Exercise prompt: Lines from the beginning of the data through the line containing "(总)虹星家纺 2024新款" are to be copied exactly, with no other line included.

══ The data ══

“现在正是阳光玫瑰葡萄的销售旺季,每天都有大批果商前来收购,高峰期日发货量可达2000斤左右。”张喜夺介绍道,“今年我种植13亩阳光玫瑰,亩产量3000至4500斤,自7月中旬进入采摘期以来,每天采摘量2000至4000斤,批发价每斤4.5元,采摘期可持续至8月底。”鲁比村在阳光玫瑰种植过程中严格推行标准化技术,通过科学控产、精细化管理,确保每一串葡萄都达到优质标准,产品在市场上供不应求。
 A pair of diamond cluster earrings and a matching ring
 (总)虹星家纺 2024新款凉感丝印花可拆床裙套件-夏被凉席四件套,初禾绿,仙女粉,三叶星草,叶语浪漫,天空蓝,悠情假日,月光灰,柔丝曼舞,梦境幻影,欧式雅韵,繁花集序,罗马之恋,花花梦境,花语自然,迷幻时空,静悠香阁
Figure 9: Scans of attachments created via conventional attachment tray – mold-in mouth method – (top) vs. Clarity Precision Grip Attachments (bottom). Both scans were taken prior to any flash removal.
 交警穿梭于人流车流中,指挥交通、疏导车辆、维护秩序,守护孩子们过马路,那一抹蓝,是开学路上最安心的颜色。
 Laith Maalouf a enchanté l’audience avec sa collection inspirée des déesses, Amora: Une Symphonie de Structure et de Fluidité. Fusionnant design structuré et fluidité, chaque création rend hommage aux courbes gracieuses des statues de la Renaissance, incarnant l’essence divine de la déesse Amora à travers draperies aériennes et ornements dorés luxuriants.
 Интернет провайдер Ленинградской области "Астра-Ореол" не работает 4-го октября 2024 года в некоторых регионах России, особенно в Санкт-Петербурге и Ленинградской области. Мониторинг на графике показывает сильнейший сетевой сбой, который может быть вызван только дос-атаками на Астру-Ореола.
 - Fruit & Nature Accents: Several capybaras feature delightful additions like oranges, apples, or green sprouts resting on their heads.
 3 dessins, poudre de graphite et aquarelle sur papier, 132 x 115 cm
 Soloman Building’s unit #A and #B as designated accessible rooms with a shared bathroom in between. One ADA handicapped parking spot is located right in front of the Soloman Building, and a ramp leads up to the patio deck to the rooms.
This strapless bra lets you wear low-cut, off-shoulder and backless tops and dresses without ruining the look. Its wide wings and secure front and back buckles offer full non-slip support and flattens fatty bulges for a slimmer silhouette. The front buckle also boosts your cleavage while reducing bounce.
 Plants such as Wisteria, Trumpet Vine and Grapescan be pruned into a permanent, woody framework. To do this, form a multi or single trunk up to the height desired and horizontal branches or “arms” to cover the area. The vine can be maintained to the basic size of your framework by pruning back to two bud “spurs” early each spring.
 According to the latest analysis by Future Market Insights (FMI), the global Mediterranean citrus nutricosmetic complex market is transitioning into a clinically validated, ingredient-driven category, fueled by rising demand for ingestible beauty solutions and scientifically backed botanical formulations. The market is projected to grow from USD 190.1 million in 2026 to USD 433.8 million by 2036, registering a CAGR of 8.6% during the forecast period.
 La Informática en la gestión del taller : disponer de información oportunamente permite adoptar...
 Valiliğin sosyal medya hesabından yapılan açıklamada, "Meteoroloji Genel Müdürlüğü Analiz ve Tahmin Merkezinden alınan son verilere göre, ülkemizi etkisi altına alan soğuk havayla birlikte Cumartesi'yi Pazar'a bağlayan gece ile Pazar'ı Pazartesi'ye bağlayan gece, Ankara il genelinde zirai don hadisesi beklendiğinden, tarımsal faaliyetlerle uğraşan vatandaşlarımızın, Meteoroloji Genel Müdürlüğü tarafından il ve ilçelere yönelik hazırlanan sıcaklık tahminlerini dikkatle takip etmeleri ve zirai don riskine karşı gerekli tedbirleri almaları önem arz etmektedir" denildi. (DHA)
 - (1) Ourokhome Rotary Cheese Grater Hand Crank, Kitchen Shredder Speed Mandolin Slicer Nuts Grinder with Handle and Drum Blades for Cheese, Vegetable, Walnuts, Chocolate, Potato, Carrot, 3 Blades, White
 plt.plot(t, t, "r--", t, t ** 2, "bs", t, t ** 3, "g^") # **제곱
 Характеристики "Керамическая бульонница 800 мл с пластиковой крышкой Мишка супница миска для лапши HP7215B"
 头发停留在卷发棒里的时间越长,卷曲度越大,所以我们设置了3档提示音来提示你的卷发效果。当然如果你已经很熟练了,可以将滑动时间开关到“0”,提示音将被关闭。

═══

Finished exercise:
“现在正是阳光玫瑰葡萄的销售旺季,每天都有大批果商前来收购,高峰期日发货量可达2000斤左右。”张喜夺介绍道,“今年我种植13亩阳光玫瑰,亩产量3000至4500斤,自7月中旬进入采摘期以来,每天采摘量2000至4000斤,批发价每斤4.5元,采摘期可持续至8月底。”鲁比村在阳光玫瑰种植过程中严格推行标准化技术,通过科学控产、精细化管理,确保每一串葡萄都达到优质标准,产品在市场上供不应求。
 A pair of diamond cluster earrings and a matching ring
 (总)虹星家纺 2024新款凉感丝印花可拆床裙套件-夏被凉席四件套,初禾绿,仙女粉,三叶星草,叶语浪漫,天空蓝,悠情假日,月光灰,柔丝曼舞,梦境幻影,欧式雅韵,繁花集序,罗马之恋,花花梦境,花语自然,迷幻时空,静悠香阁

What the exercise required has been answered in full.